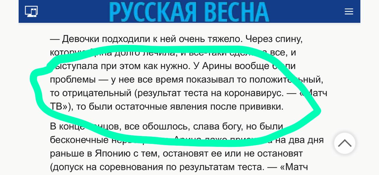 Тут, вчера читал интервью с Винер, так вот там в скользь была затронута тема короны, одна наша гимнастка многократно получала положительный тест, а далее восстанавливалась от прививки, это со слов Винер. Что за остаточные явления?
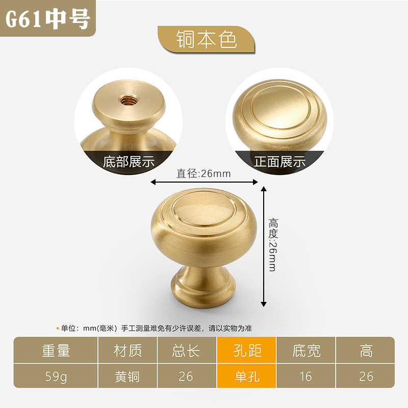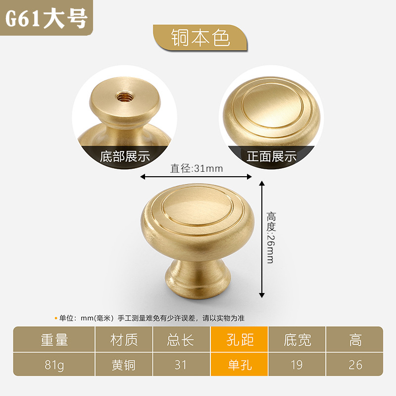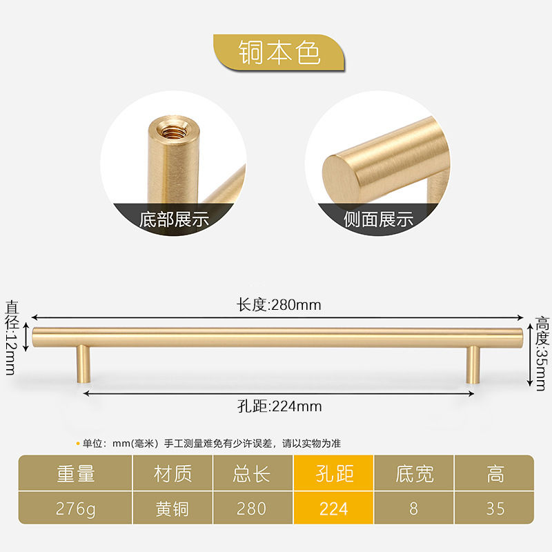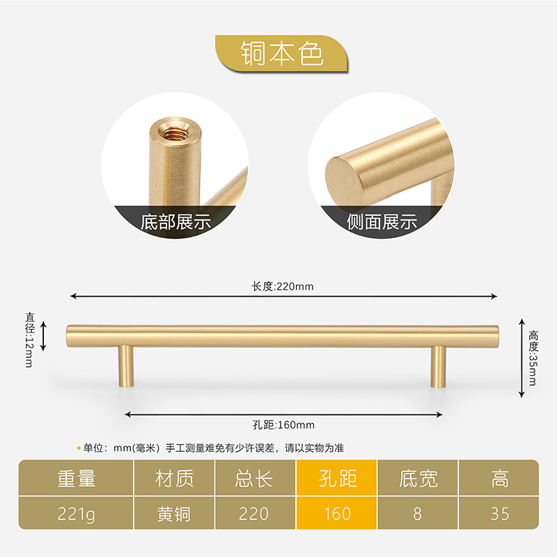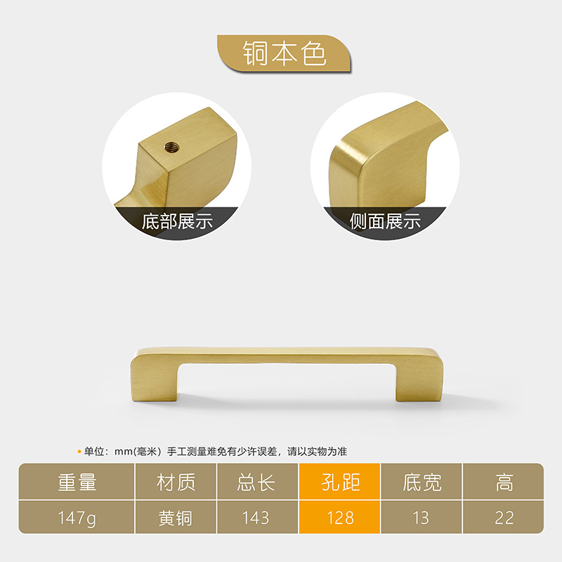 尊杰黄铜拉手金色衣柜把手柜门拉手轻奢柜子门把手法式抽屉铜拉手
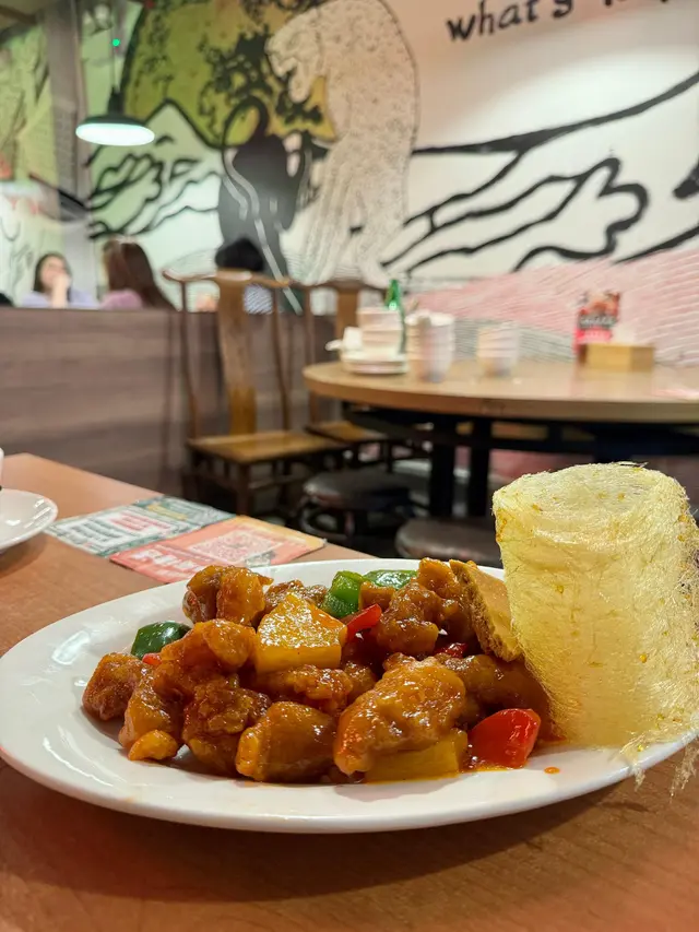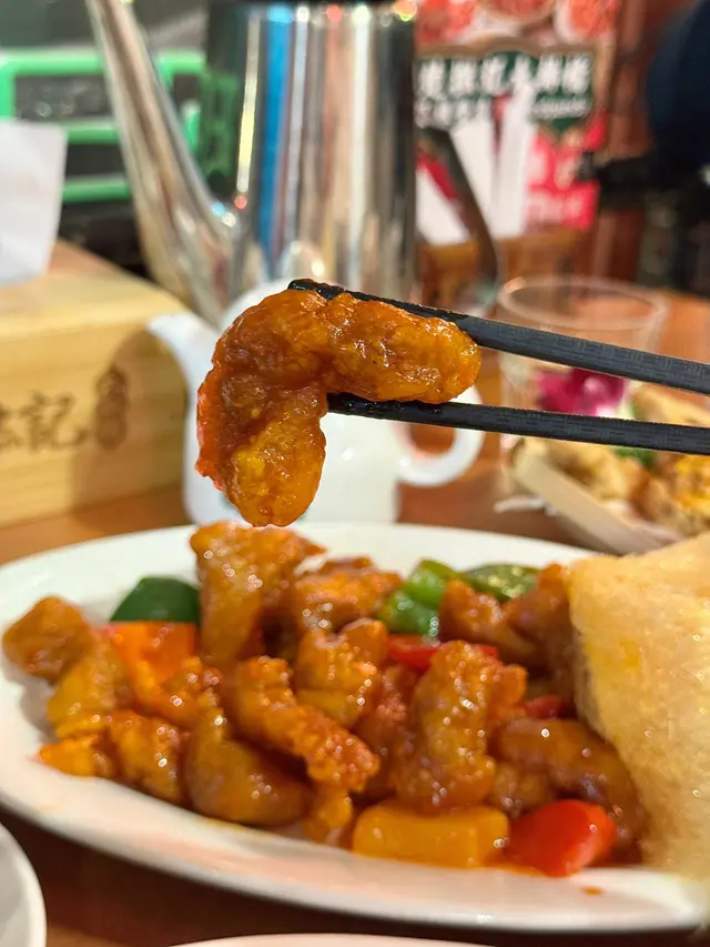 用了梅頭去做的咕嚕肉,一口真的是啖啖肉,酸酸甜甜,配上鮮菠蘿和拔絲的香甜,送飯一流!而且份量十足,一定要點!
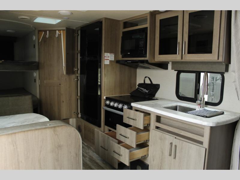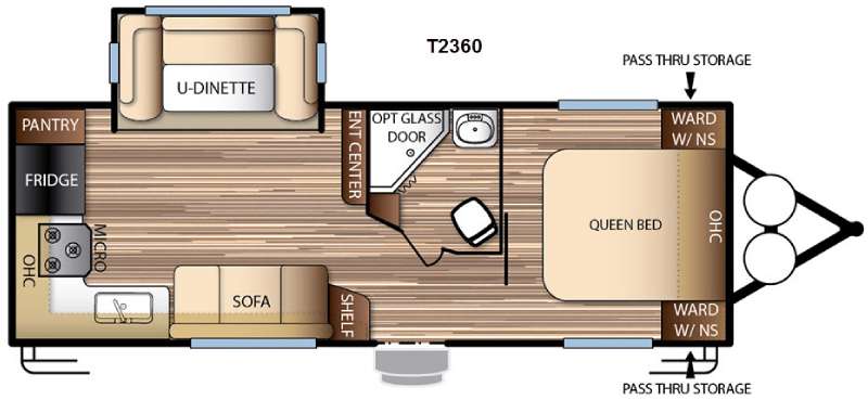 The EVO T2360 travel trailer by Forest River offers a a rear kitchen layout, a u-dinette slide out, plus a front private bedroom, and more!
##########
Skip the pictures, then return the rest of the data exactly.

■ Solved problem
 Тут, вчера читал интервью с Винер, так вот там в скользь была затронута тема короны, одна наша гимнастка многократно получала положительный тест, а далее восстанавливалась от прививки, это со слов Винер. Что за остаточные явления?
 尊杰黄铜拉手金色衣柜把手柜门拉手轻奢柜子门把手法式抽屉铜拉手
 用了梅頭去做的咕嚕肉,一口真的是啖啖肉,酸酸甜甜,配上鮮菠蘿和拔絲的香甜,送飯一流!而且份量十足,一定要點!
 The EVO T2360 travel trailer by Forest River offers a a rear kitchen layout, a u-dinette slide out, plus a front private bedroom, and more!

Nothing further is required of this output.